Гоголь столько души и чувства вкладывает не только в описание витальной удали козацкого товарищества, но и в картины монастырей и костёлов, ксендзов и епископов, холодных, прекрасных и пронизанных изнутри смертью, проеденных подкожным тленом.

Главная содержательная претензия к Бортко, претензия действительно по делу в том, что, прекрасно осознавая значение этой темы, он не захотел или не рискнул прикоснуться к её раскрытию. Самое значимое отступление от гоголевского текста — это не домыслы и не редактура, а полностью пропущенная в фильме сцена в костёле, в котором первым делом оказывается Андрий, когда вслед за татаркой проникает в город. Тем самым не раскрыта сама суть цивилизационной измены Андрия, не сводящейся отнюдь к любви к полячке…

Погрузившись вслед за татаркой в подземелье, Андрий, по сути, умирает, переходит в другой, параллельный мир — фантазий, теней и бесплотных призраков. Мир, где царят культурные формы и звуки музыки.

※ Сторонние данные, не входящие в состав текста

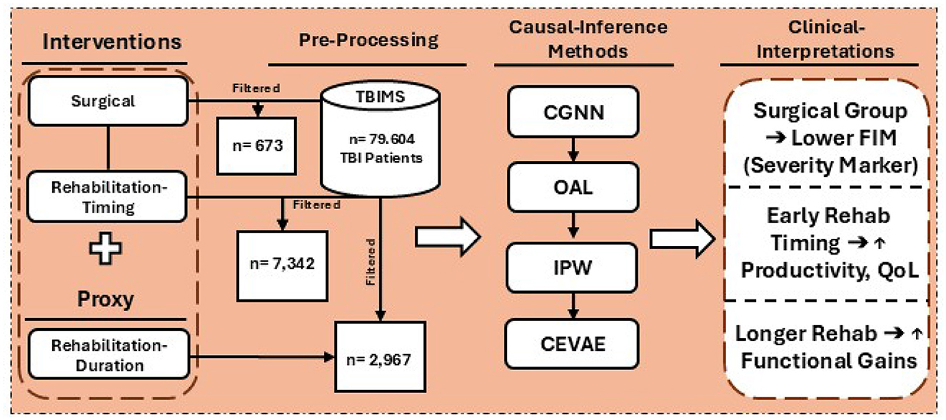 Figure 1. Overview of the study workflow, including data extraction from the TBIMS national database, categorization into surgical and rehabilitation cohorts, application of causal inference methods (CGNN, OAL, IPW, CEVAE), and clinical interpretation of effects on functional outcomes such as FIM scores, productivity, and quality of life.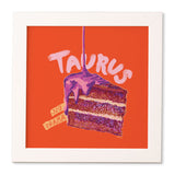 H Miller Ink Illustration Taurus Birthday Cake in Burnt Orange Framed Wall Art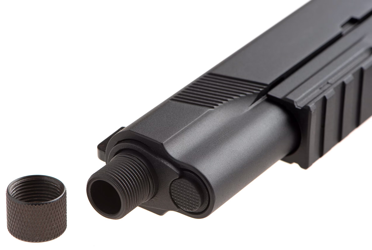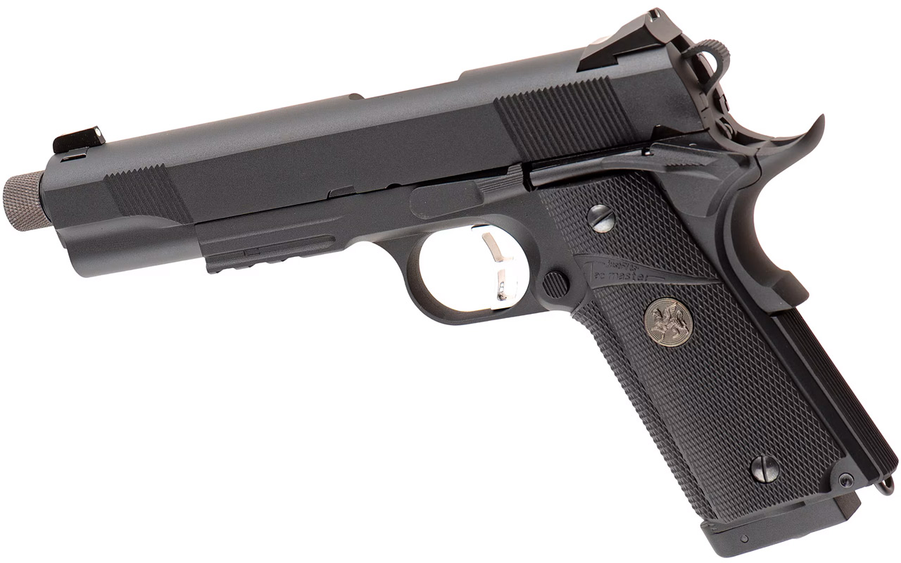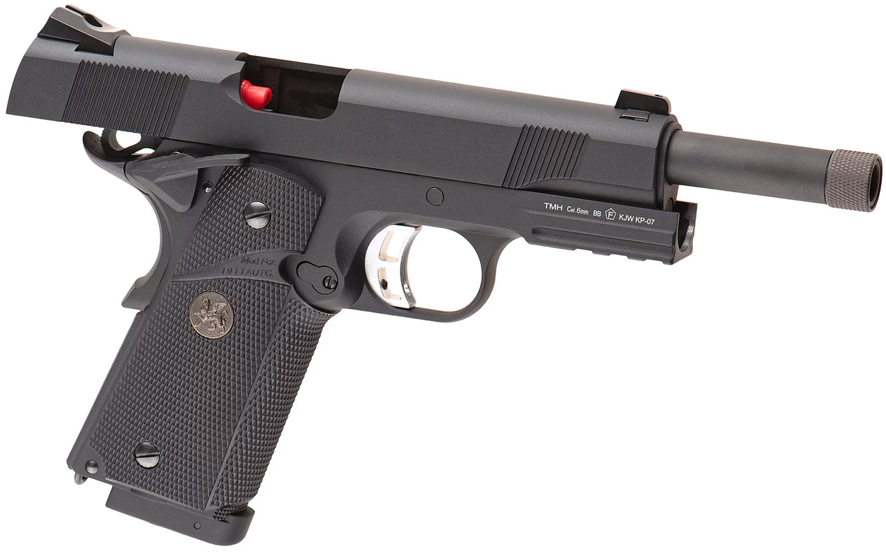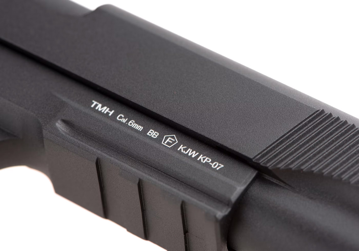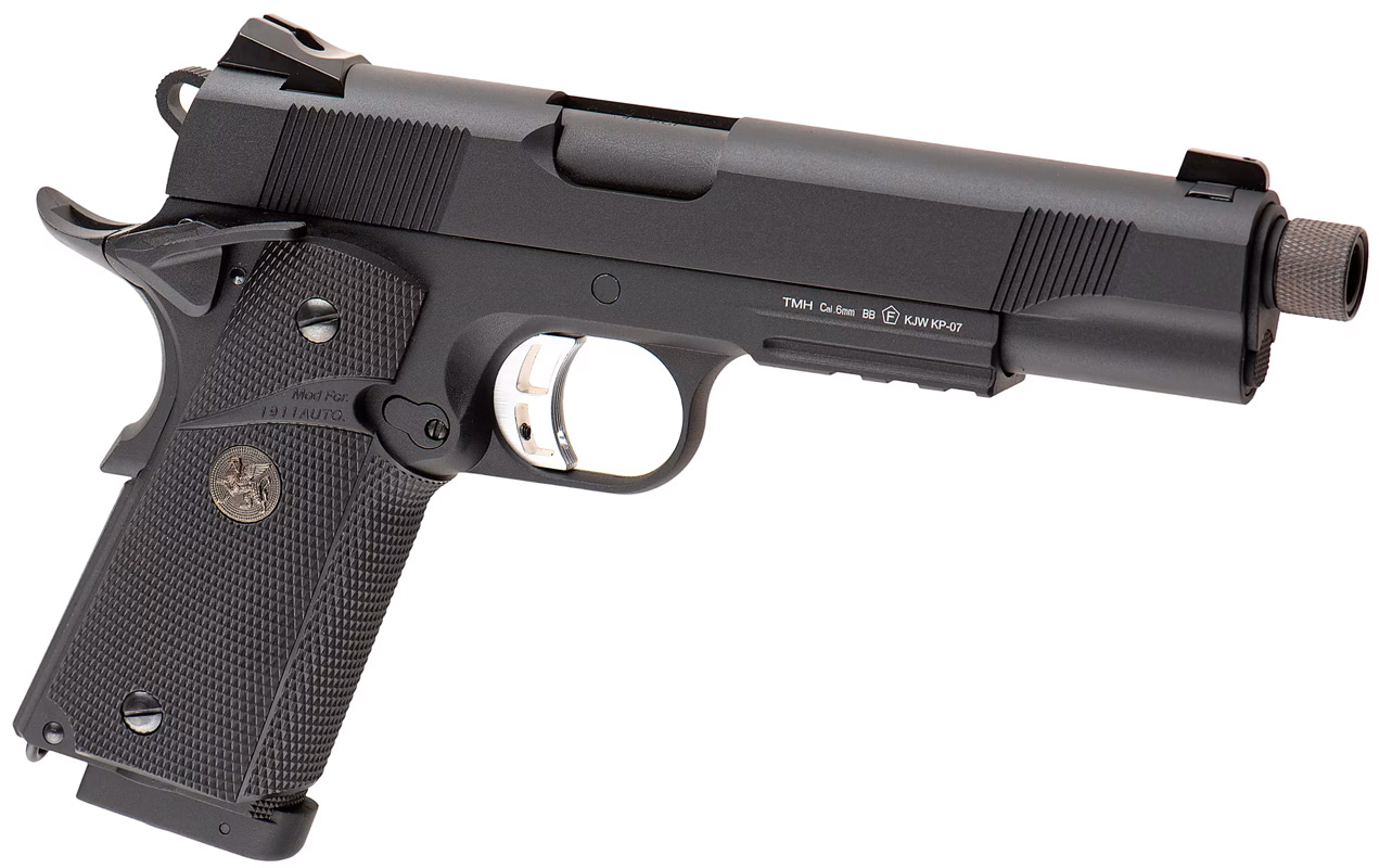 KJ M1911 MEU TBC black Full metal blowback En flot model af den klassiske M1911 model helt i sort og fuld metal med yderløb der er forberedt til lyddæmper med 14 mm CCW Gevind. Pistolen er fremstillet af KJ Works som er kendt for at lave airsoft modeller i høj kvalitet og med stor driftssikkerhed. Denne model af M1911 pistolen er ingen undtagelse, den kommer med behageligt pistolgreb, der sikre skytten har optimalt greb og stabilitet. Pistolen har et kraftigt blowback og tydelige markeret sigter for og bag. En god pistol fra KJ Works der har en god og stabil kuglebane. Data.: * Skyder 105 m/s ( målt med 0,20g kugler ) * Magasinet kan holde på 24 kugler. * Længden er 22,3 cm. * Løbet måler 11,3 cm. * Vægten er 980g * Hop up er justerbar. * Forberedt til lyddæmper. * Materialet er metal. * Farven er sort. * Produceret af KJ Works. Pakken indeholder.: * M1911 ETU TBC pistol i sort * Magasin til pistolen. * værktøj til skift at Co2 patron. * Manuel over pistolen.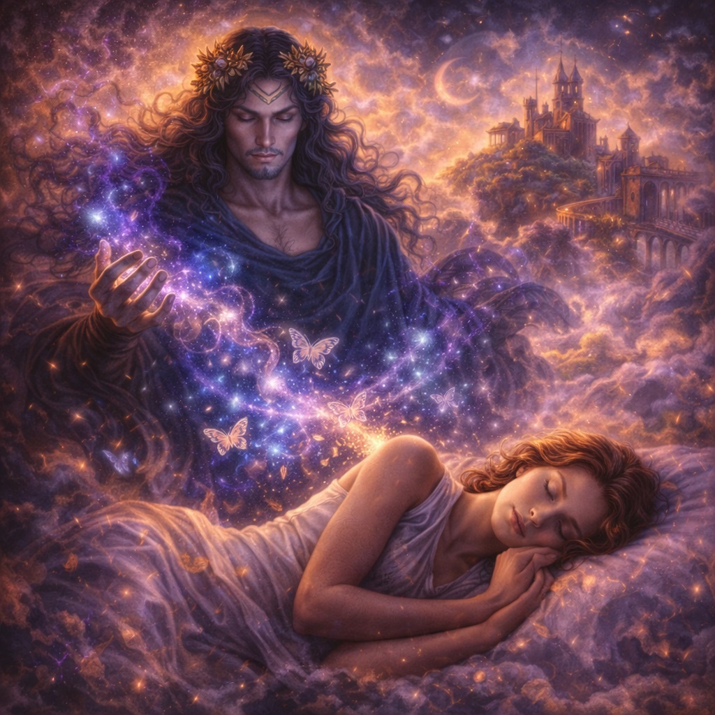 Этим миром управляет Морфей — бог сновидений, создающий образы, способные изменить сознание. Он не правит Олимпом. Не вмешивается в войны. Но каждую ночь его власть распространяется на богов и людей. Потому что во сне нет границ между смертным и бессмертным. Именно там Морфей становится властителем. Сын ночи и тишины Морфей — сын Гипноса, бога сна, и внук Нюкты, древней богини ночи. Его происхождение уже говорит о многом. Он рождается из темноты и покоя. Его мир — не свет Олимпа, а глубина бессознательного. Морфей — не бог событий, а бог состояний. Он не управляет реальностью напрямую. Он управляет тем, как она отражается в сознании. И это делает его власть почти безграничной. Тот, кто формирует образы Имя Морфей связано со словом «форма». Он способен принимать любой облик и создавать любые видения. Он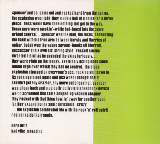 they were right on the money, seemingly acting upon some innate urge over which they had no control. the blues explosion stomped on everyone’s ass, rocking shit down to its core again and agian and just when i thought that it couldn’t get any crazier, any more out of control, spencer would lean back and magically activate his feedback device which screamed like some souped-up vacuum cleaner. they rocked with that thing howlin’ away for another spat, further expanding the sonic threshold. crazy. …the explosion celebrated life with rock ‘n’ roll spirit raging inside their souls.herb hitts “thanks to peter arsenault, boche billions, cristina, jeff evans larry hardy, robert gordon, jenna, the jesus lizard, cheryl payne, ken pope and tim warren.” |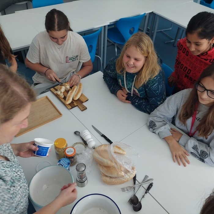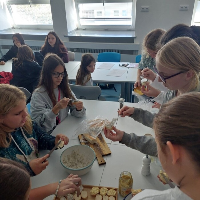 V pondělí 13. 10. jsme ve spolupráci s paní asistentkou a děvčaty ze šestých tříd připravily vyučovací hodinu pracovních činností, která se nesla v duchu kulinářského tvoření. Věnovaly jsme se studené kuchyni, konkrétně výrobě pomazánek.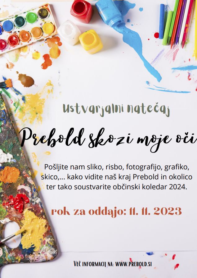 Z natečajem želimo prebivalcem občine Prebold omogočiti, da s svojimi deli sodelujejo in pripomorejo k ustvarjanju občinskega koledarja za leto 2024. Za vsak mesec bomo izbrali eno delo ter ga natisnili v občinskem koledarju.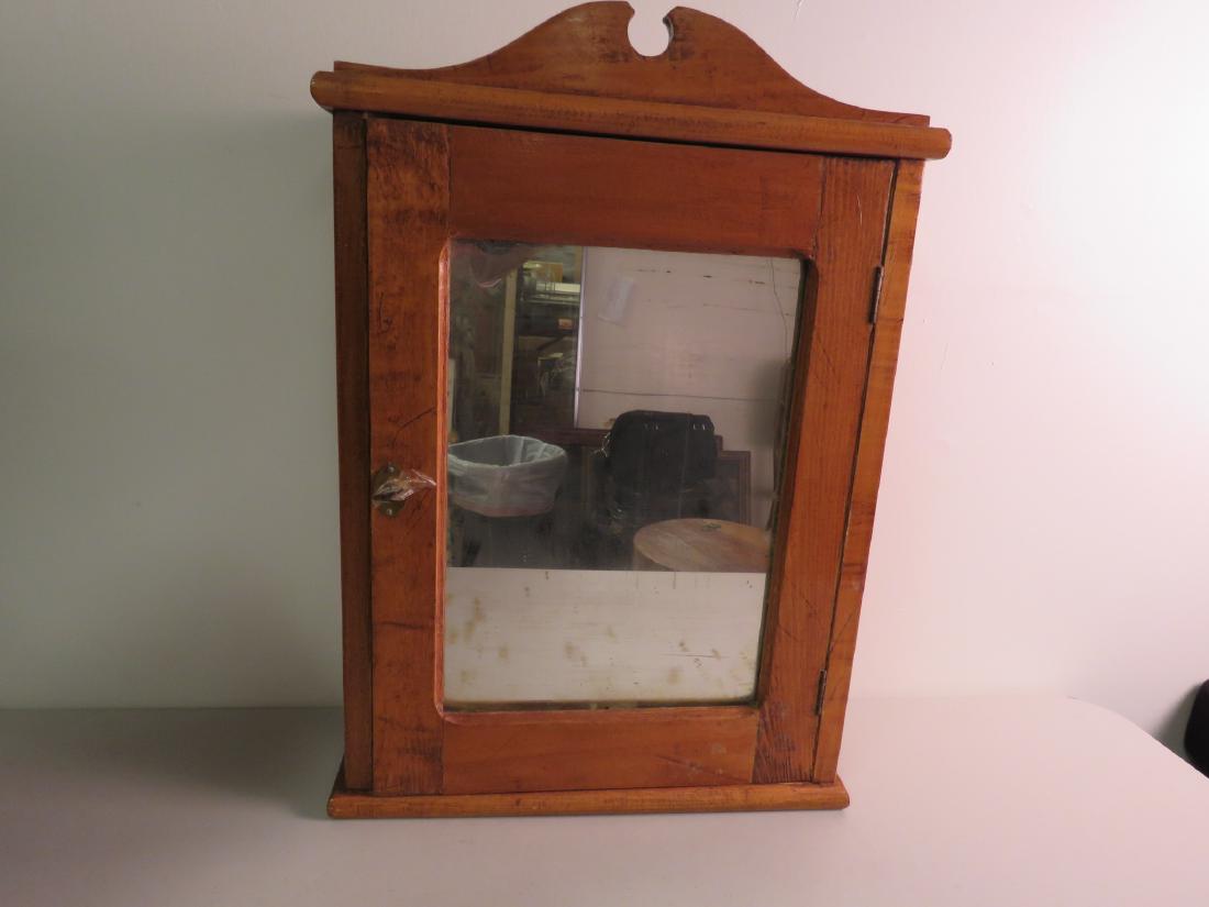 PRIMITIVE MIRRORED HANGING MAPLE WOOD CABINET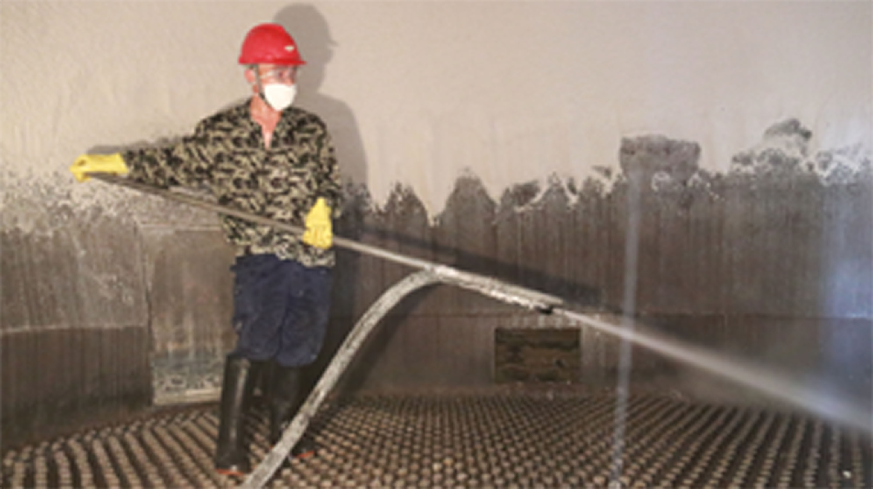 總部磷銨廠噴粉塔內(nèi)溫度高達80多攝氏度,塔內(nèi)異常悶熱。為保證正常生產(chǎn),該廠每2-3天都會用80多度的高溫熱水對塔壁、床層進行清洗。圖為該廠一生產(chǎn)班班長在塔內(nèi)清洗作業(yè)。

«Они очутились под высокими тёмными сводами монастырской церкви. У одного из алтарей, уставленного высокими подсвечниками и свечами, стоял на коленях священник и тихо молился. Около него с обеих сторон стояли также на коленях два молодые клирошанина в лиловых мантиях с белыми кружевными шемизетками сверх их и с кадилами в руках. Он молился о ниспослании чуда: о спасении города, о подкреплении падающего духа, о ниспослании терпения, об удалении искусителя, нашептывающего ропот и малодушный, робкий плач на земные несчастия. Несколько женщин, похожих на привидения, стояли на коленях, опершись и совершенно положив изнеможенные головы на спинки стоявших перед ними стульев и тёмных деревянных лавок; несколько мужчин, прислонясь у колонн и пилястр, на которых возлегали боковые своды, печально стояли тоже на коленях. Окно с цветными стёклами, бывшее над алтарём, озарилося розовым румянцем утра, и упали от него на пол голубые, жёлтые и других цветов кружки света, осветившие внезапно тёмную церковь. Весь алтарь в своём далёком углублении показался вдруг в сиянии; кадильный дым остановился в воздухе радужно освещённым облаком. Андрий не без изумления глядел из своего тёмного угла на чудо, произведённое светом. В это время величественный рёв органа наполнил вдруг всю церковь. Он становился гуще и гуще, разрастался, перешёл в тяжёлые рокоты грома и потом вдруг, обратившись в небесную музыку, донёсся высоко под сводами своими поющими звуками, напоминавшими тонкие девичьи голоса, и потом опять обратился он в густой рёв и гром и затих. И долго ещё громовые рокоты носились, дрожа, под сводами, и дивился Андрий с полуоткрытым ртом величественной музыке».